- **Work required**
Though the records contain pictures, copy none of them; repeat exactly the lines from the one with "NEW Alfred Sung" to the end.

━━ Study material

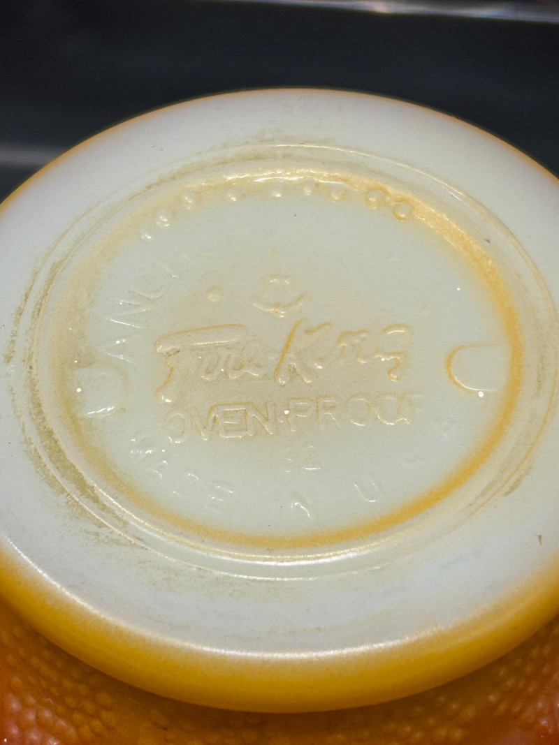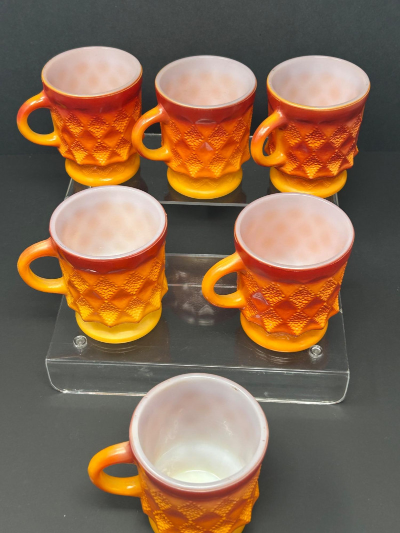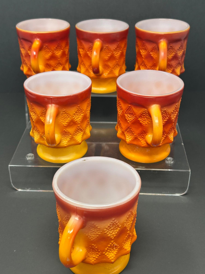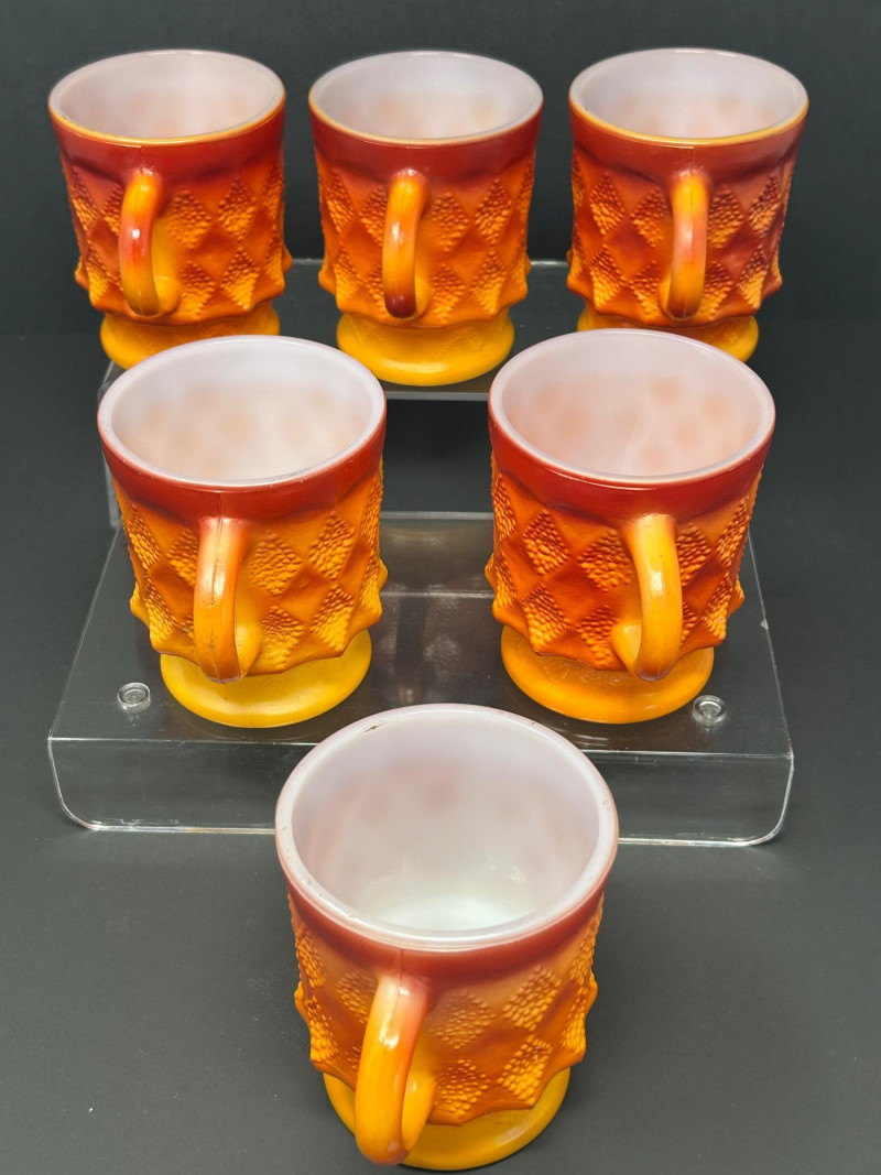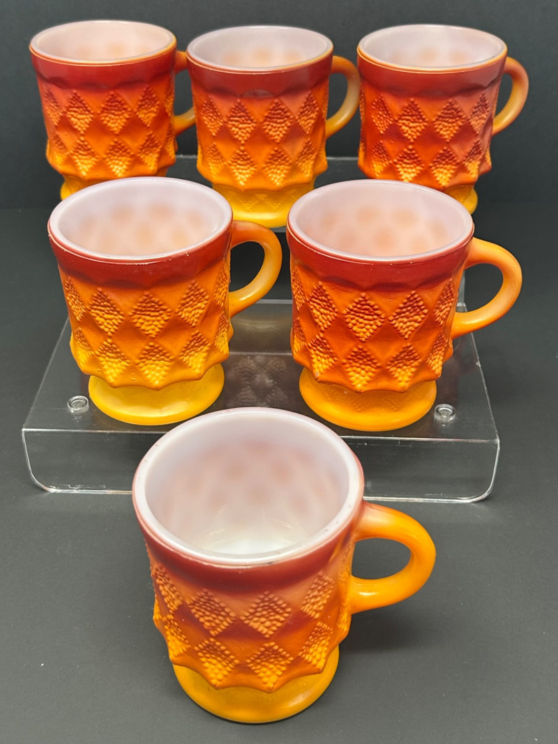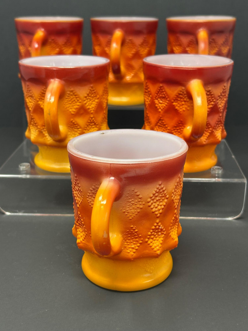 These are Fire-King Kimberly mugs, produced by Anchor Hocking in the 1960s–70s. The distinctive diamond-textured pattern and bold gradient glaze—often transitioning from red to orange or yellow—are signature features of the Kimberly design, named after the diamond mines of Kimberly, South Africa. Pattern: Kimberly (raised diamond texture) Maker: Anchor Hocking Fire-King Material: Heat-resistant milk glass with fired-on color Colorway: Commonly called “Red-Orange” or “Amberina” depending on the intensity Era: Circa 1960s–1970s 3.5” tall 3” diameter Identification Highlights:
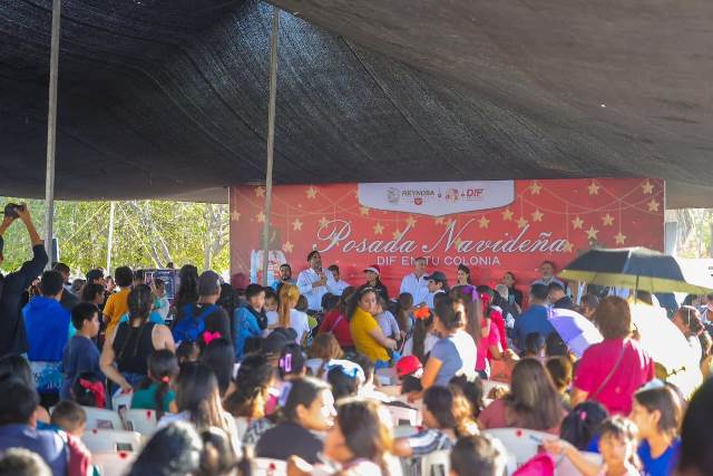 Reynosa, Tam.- Una tarde llena de sonrisas y regalos vivieron más de 2,500 niños y adultos de la colonia Villas de Esmeralda, al convivir en la Posada DIF 2025 con el Alcalde Carlos Peña Ortiz, quien tuvo la oportunidad de seguir cerca de la gente, junto a su esposa Alejandra Yelitza Garza, Presidenta del Voluntariado DIF-Reynosa y al Lic. Carlos Luis Peña Garza, Presidente del Patronato del DIF.
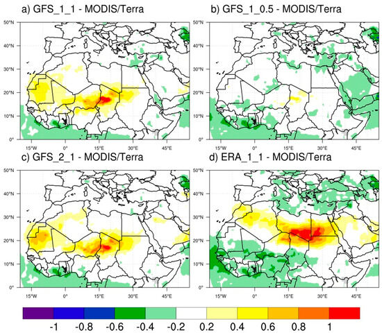 The differences between the average DOD values calculated over the whole studied period simulated in four different experiments: (a) GFS_1_1 (GFS and scheme1 with erodibility factor = 1), (b) GFS_1_0.5 (GFS and scheme1 with erodibility factor = 0.5), (c) GFS_2_1 (GFS and scheme2 with erodibility factor = 1), (d) ERA_1_1 (ERA−Interim and scheme1 with erodibility factor = 0.5), compared to AOD values from Terra.
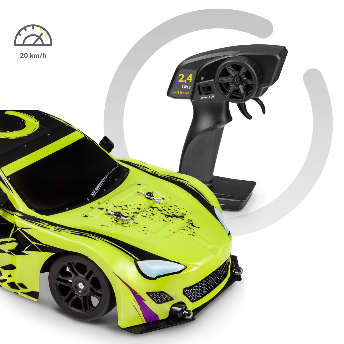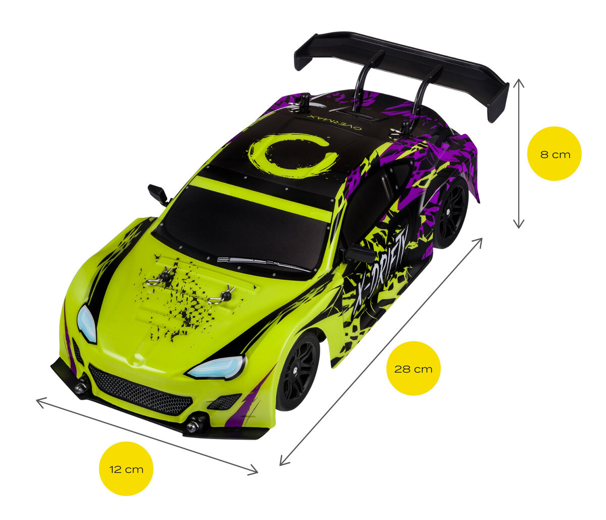 Наша машина на дистанционном управлении в масштабе 1:16 т Уменьшенная копия автомобиля. Размеры 28x12x8 см идеально подходят как для внутреннего, так и для наружного использования. гарантируя незабываемые моменты веселья. X-Drifty гарантирует долговечность благодаря усиленной конструкции. Он готов удовлетворить запросы многих сезонов, полных захватывающих развлечений. Свободное рулевое управление
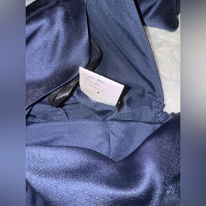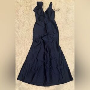 NEW Alfred Sung Bow Detail Sleeveless Satin Twill Trumpet navy blue Gown Sz 4
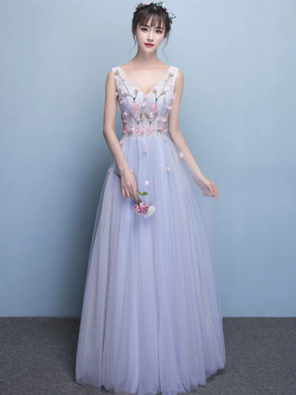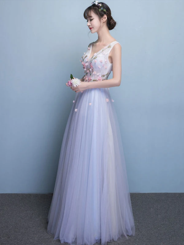 Tulle Prom Dress Baby Blue 3D Flower Occasion Dress V Neck Sleeveless Floor Length A Line Party Dress
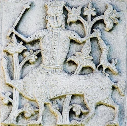 Когтистый кентавр и зайчик. Белокаменная резьба Георгиевского собора в Юрьеве-Польском, XIII в.

━━━━

- **Final answer**
 NEW Alfred Sung Bow Detail Sleeveless Satin Twill Trumpet navy blue Gown Sz 4
 Tulle Prom Dress Baby Blue 3D Flower Occasion Dress V Neck Sleeveless Floor Length A Line Party Dress
 Когтистый кентавр и зайчик. Белокаменная резьба Георгиевского собора в Юрьеве-Польском, XIII в.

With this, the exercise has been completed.